Businesses can try to interpret this confusing mishmash of legislation. Or they can bind the digital signature with a prenegotiated contract that sets the terms and conditions of liability and recourse for any form of electronic transaction.
Old World Contracts
Ironically, the most trusted system for spelling out the terms of a digital signature network are traditional paper agreements that are physically signed by all parties.
"If the member stays within the framework of the contract, the actions will give legal force and effect," says Ted Barassi, co-founder of Phlair Inc., a business-to-business consumer application company in New York. Phlair helped develop digital signature guidelines for the American Bar Association in 1995.
"It's a clean, clear-cut way of promulgating those requirements without resorting to wholesale changes to domestic law relating to the use of digital signatures as legally binding signatures," Barassi says.
Lately, certain vertical industries - mainly banking, automotive and medical - have begun rolling out PKI trading networks that bind their digital signatures around paper contracts.
For example, in the Identrus pilot, two or more parties on each end of the transaction enter into legally binding contracts to use the digital signatures within the specified framework. Under those conditions, the banks themselves act as the certificate authority, manage the risk and accept liability, much like Visa International Inc. or MasterCard International Inc. assumes liability for lost or stolen credit cards among their member networks.
In the case of business-to-consumer transactions, there are no such contractual guarantees . . . yet.
In fact, online consumers have no way to contractually relinquish obligation on the part of a company the way that they can with Visa, MasterCard or American Express Co., says Ann Friedman Simmons, vice chairwoman of the Internet Council. The Council is sponsored by the National Association of Clearing Houses in Washington.
Rob Stuhlmuller, product manager at ActivCard Europe SA in Paris, says it's only a matter of time before credit-card-issuing banks will assume liability for online transactions.
"Banks, who right now are already the trusted entity, are well-poised to become third-party trusts and PKIs," Stuhlmuller says. "When that happens, you'll see this triangle effect, where three people are involved in online transactions - the bank, you and the online merchant."
Interoperability Difficulties
Visa and others have been testing such technology since 1995. But interoperability problems are holding up any global, contract-based business-to-consumer models.
While most PKI vendors claim high standards of interoperability (x.509) analysts say it's still very difficult to certify digital signature bearers in a PKI when there's a mix of vendor products and certificate authorities involved.
"This is one of the big issues we're dealing with. Unless all parties in our external trading network use the same certificate authority, you have to worry about cross-certification," says John McGraw, security analyst at a professional services firm in Texas.

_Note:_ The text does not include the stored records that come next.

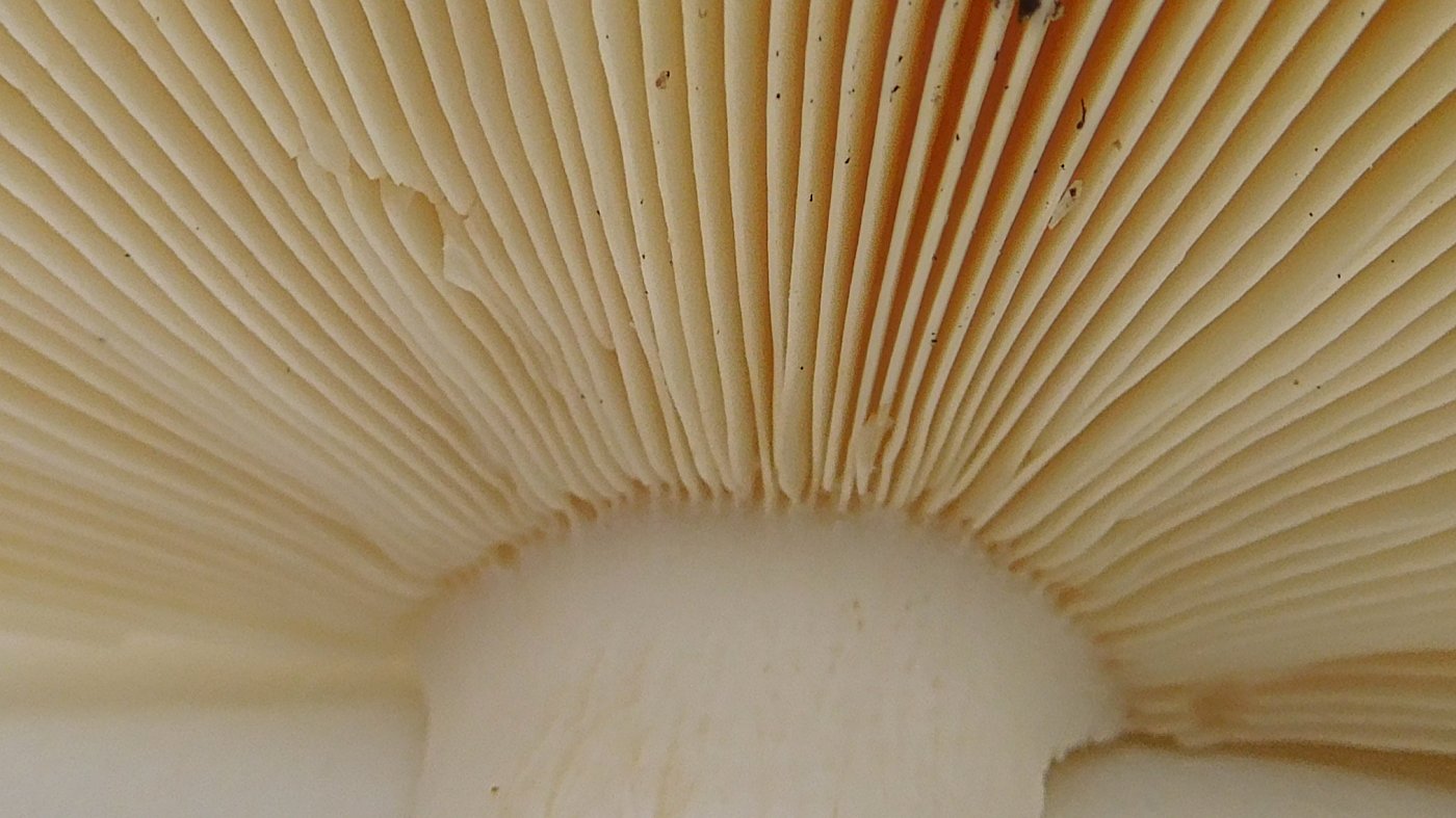 Keine passende Art kann ich zu 100% finden. Entweder fehlt der Geruch oder die Lamellen am Stiel sind nicht angewachsen oder ........
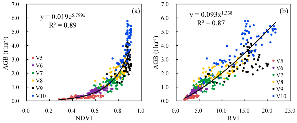 Relationships between aboveground biomass (AGB) and GreenSeeker sensor-based normalized difference vegetation index (NDVI) (a) or ratio vegetation index (RVI) (b) across V5 to V10 growth stage in 2014–2015.
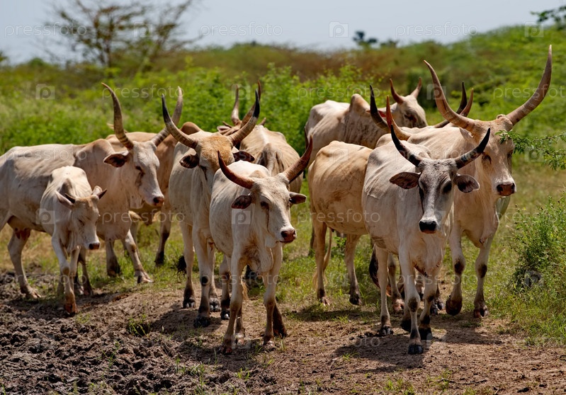 Западная Африка. Сенегал. Стадо коров Зебу с большими роскошными рогами возле небольшого озера идут на водопой

This lack of consumer contractual protections is indirectly costing merchants and buyers the most important intangible commodity in cyberspace: trust.
"There has been no case law challenging whether a digital signature is legally binding," says Larry Zanger, chairman of McBride Baker & Coles, a Chicago-based IT and e-commerce law firm. "Everybody's fear is that some piece of the puzzle would lead some party in the deal to get stuck with a transaction that doesn't have money on the other side."